5.    Menguji hipotesis
Menguji hipotesis adalah proses menentukan jawaban yang dianggap diterima sesuai dengan data atau informasi yang diperoleh berdasarkan hasil pengumpulan data. Yang terpenting dalam pengujian ini adalah sejauh mana jawaban tersebut dapat meyakinkan siswa atas hasil yang mereka temukan.
6.    Merumuskan kesimpulan
Merumuskan kesimpulan adalah proses mendeskripsikan temuan yang diperoleh berdasarkan hasil pengujian hipotesis. Dalam melakukan penelitian biasanya siswa menemukan banyak data.
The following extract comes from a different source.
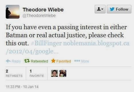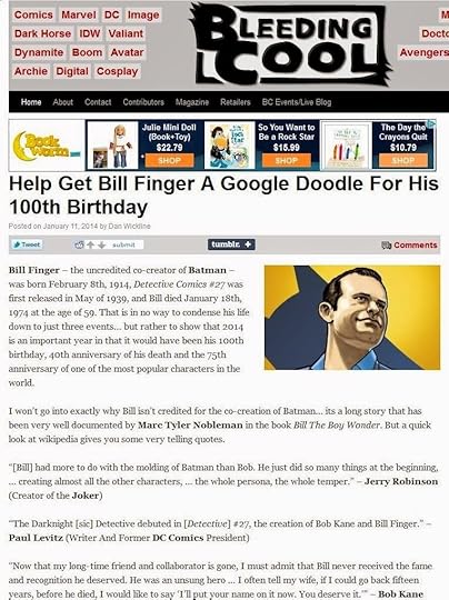 The campaign to get Bill Finger the Google doodle for his 100th birthday (2/8/14) continues to expand/blow me away.
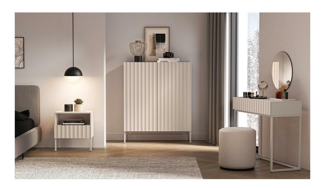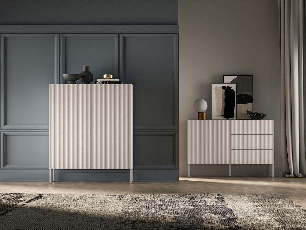 ZobrazitHledáte jedinečný, moderní a zároveň funkční nábytek do vašeho interiéru? Kolekce splní všechna vaše očekávání Vysoká komoda s jedinečným designem dokonale zapadne do moderních a minimalistických interiérů. Světlá béžová barva mu dodává jemný šarm, který se perfektně hodí k většině aranžmá. Celá kolekce se vyznačuje rafinovaným detailem v podobě drážkovaných předních dílů, které dodávají každé místnosti jedinečný vzhled. Je navržen s ohledem na funkčnost a má tři prostorné police, do kterých můžete snadno umístit různé druhy předmětů v závislosti na vašich potřebách. Položením korpusu na stabilní kvé nohy v barvě nábytku to celé působí lehce a velmi styl. Kolekce je nejen praktickým úložným řešením, ale také designovým prvkem, který zdůrazní individuální styl každé místnosti. Nečekejte a představte svému interiéru jedinečný charakter již dnes. barva korpusu, čela vyčnívající 7 mm nad desku, hrany chráněné proti mechanickému poškození melaninem, střední/podpěrné nožičky s funkcí výškového nastavení, zadní stěna z bílého HDF, barva: světle béžová.

Oleh sebab itu, untuk mencapai kesimpulan yang akurat seorang guru sebaiknya menunjukkan kepada siswa data yang relevan terhadap penelitian yang mereka lakukan.
E.    Syarat-Syarat Penggunaan Pendekatan Inquiri.
Dalam menggunakan pendekatan inquiri ada beberapa syarat yang harus dipenuhi oleh seorang pendidik diantaranya:
1.    Guru/pendidik harus terampil memilih persoalan yang relevan untuk diajukan kepada siswa (persoalan bersumber dari bahan pelajaran yang menantang siswa) serta harus sesuai dengan daya nalar siswa.
2.    Guru/pendidik harus terampil dalam menumbuhkan motivasi belajar siswa dan mampu menciptakan suasana belajar yang menyenangkan.
3.    Adanya sumber belajar dan fasilitas yang memadai.
4.    Adanya kebebasan siswa untuk berpendapat, berkarya dan berdiskusi
5.    Mampu memunculkan partisipasi siswa dalam setiap kegiatan belajar mengajar
6.    Guru tidak banyak campur tangan dan intervensi terhadap kegiatan siswa.

F.     Tujuan Metode Inquiri
•    Agar siswa tahu dan mentransfer pengetahuan kedalam situasi lain
•    Memperoleh keterampilan untuk memproses secara ilmiah (mengamati, mengumpulkan dan mengorganisasikan data, mengidentifikasi variabel, merumuskan, dan menguji hipotesis, serta mengambil kesimpulan).
•    Lebih berkembangnya daya kreativitas anak
•    Belajar secara mandiri
•    Perolehan sikap ilmiah terhadap ilmu pengetahuan yang menerimanya secara tentatif

G.    Keunggulan Pendekatan Inquiri
1.    Mendorong siswa untuk berfikir secara ilmiah dalam setiap pemecahan masalah yang dihadapi.
2.    Membantu peserta didik dalam menggunakan ingatan, dan transfer pengetahuan pada situasi proses pengajaran.
3.    Mendorong peserta didik untuk berfikir kreatif dan intuitif, serta mendorong peserta didik untuk bekerja atas dasar inisiatif sendiri.
4.    Situasi proses belajar mengajar akan menjadi hidup dan dinamis.
5.    Memberi kebebasab siswa untuk belajar secara mandiri
6.    Dapat mengembangkan bakat atau kecakapan individu
7.    Dapat memberikan waktu pada siswa secukupnya sehingga mereka dapat mengasimilasikan dan mengakomodasikan informasi
8.    Siswa tidak hanya belajar tentang konsep-konsep dan prinsip-prinsip, tetapi juga belajar tentang pengarahan diri sendiri, tanggung jawab dan komunukasi sosial.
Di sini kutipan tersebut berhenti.